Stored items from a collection
*****
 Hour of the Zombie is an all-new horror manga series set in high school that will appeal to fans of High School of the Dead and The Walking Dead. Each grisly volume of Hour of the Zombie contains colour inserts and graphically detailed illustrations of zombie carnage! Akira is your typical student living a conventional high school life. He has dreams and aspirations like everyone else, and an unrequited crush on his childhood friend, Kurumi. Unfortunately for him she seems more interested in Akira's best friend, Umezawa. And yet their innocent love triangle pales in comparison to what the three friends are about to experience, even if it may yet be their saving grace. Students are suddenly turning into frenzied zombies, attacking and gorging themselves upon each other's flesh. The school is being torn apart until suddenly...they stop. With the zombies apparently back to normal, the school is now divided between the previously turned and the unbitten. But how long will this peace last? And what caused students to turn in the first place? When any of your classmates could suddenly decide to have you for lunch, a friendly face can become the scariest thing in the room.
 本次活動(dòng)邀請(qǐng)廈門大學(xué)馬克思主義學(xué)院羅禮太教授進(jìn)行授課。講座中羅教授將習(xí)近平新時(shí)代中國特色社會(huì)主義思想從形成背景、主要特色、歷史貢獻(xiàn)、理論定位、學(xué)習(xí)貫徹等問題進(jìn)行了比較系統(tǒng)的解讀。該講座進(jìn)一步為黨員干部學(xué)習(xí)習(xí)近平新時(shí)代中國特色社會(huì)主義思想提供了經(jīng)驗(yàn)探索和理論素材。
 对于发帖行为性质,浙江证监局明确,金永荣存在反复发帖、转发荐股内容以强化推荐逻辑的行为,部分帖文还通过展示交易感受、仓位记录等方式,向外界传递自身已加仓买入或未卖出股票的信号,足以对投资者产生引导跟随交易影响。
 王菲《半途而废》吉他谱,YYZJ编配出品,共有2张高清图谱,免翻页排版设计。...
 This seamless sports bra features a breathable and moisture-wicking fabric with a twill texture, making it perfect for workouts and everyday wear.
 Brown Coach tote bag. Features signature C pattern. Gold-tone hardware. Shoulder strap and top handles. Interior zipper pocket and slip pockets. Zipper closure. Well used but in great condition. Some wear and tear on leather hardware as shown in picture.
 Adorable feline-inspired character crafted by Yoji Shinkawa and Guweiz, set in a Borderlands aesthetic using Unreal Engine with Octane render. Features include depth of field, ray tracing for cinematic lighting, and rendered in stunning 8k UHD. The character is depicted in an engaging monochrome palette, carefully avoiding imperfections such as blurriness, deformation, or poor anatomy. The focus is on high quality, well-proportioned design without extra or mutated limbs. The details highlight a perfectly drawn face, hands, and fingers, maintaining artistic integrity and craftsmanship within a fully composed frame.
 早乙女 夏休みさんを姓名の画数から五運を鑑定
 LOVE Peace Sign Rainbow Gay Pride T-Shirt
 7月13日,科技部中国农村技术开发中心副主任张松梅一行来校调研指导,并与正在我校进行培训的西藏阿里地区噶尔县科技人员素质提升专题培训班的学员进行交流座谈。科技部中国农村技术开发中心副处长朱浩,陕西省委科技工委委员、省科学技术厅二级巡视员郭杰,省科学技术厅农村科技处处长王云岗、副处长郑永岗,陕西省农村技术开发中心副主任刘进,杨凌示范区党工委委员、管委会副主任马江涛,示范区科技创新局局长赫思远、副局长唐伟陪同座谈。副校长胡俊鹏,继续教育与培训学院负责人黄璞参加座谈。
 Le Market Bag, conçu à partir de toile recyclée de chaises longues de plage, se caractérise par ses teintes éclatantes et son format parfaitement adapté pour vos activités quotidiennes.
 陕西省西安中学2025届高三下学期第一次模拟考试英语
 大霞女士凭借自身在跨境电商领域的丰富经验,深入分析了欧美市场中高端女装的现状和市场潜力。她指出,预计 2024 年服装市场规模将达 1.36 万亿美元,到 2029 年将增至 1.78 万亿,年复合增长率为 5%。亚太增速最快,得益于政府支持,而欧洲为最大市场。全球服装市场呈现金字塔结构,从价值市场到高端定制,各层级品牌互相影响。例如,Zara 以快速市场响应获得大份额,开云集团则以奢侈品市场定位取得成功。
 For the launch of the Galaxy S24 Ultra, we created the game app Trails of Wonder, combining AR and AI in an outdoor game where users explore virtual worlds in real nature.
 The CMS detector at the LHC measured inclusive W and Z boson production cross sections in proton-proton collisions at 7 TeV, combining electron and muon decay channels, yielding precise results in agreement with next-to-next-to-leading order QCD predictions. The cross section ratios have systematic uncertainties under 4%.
*****
→ What is required
An exact, complete copy of the lines above from the one with "LOVE Peace Sign Rainbow Gay Pride T-Shirt" through the one with "陕西省西安中学2025届高三下学期第一次模拟考试英语" is the whole answer.

→ Response to the exercise
 LOVE Peace Sign Rainbow Gay Pride T-Shirt
 7月13日,科技部中国农村技术开发中心副主任张松梅一行来校调研指导,并与正在我校进行培训的西藏阿里地区噶尔县科技人员素质提升专题培训班的学员进行交流座谈。科技部中国农村技术开发中心副处长朱浩,陕西省委科技工委委员、省科学技术厅二级巡视员郭杰,省科学技术厅农村科技处处长王云岗、副处长郑永岗,陕西省农村技术开发中心副主任刘进,杨凌示范区党工委委员、管委会副主任马江涛,示范区科技创新局局长赫思远、副局长唐伟陪同座谈。副校长胡俊鹏,继续教育与培训学院负责人黄璞参加座谈。
 Le Market Bag, conçu à partir de toile recyclée de chaises longues de plage, se caractérise par ses teintes éclatantes et son format parfaitement adapté pour vos activités quotidiennes.
 陕西省西安中学2025届高三下学期第一次模拟考试英语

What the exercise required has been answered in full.